### YOUR TASK
Begin at the line containing "示例 。野生动物生物学家想要" in the data below and go on through the line containing "Okul Oncesi Belirli Gun Ve Haftalari", repeating each line exactly; include both ends and no other line.

### EXTRACTED ENTRIES

* * *

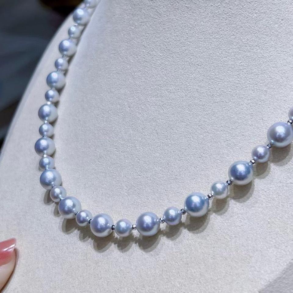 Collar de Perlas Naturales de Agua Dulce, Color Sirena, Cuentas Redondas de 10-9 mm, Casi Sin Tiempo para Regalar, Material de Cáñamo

* * *

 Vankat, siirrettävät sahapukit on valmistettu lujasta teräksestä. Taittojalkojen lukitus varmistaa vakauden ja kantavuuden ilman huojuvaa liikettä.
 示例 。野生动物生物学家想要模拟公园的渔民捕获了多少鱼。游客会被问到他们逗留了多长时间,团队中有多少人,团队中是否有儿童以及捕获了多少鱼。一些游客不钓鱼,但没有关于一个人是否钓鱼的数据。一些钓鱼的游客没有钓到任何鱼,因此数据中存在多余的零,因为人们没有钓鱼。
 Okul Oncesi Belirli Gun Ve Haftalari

* * *

### TASK OUTPUT
 示例 。野生动物生物学家想要模拟公园的渔民捕获了多少鱼。游客会被问到他们逗留了多长时间,团队中有多少人,团队中是否有儿童以及捕获了多少鱼。一些游客不钓鱼,但没有关于一个人是否钓鱼的数据。一些钓鱼的游客没有钓到任何鱼,因此数据中存在多余的零,因为人们没有钓鱼。
 Okul Oncesi Belirli Gun Ve Haftalari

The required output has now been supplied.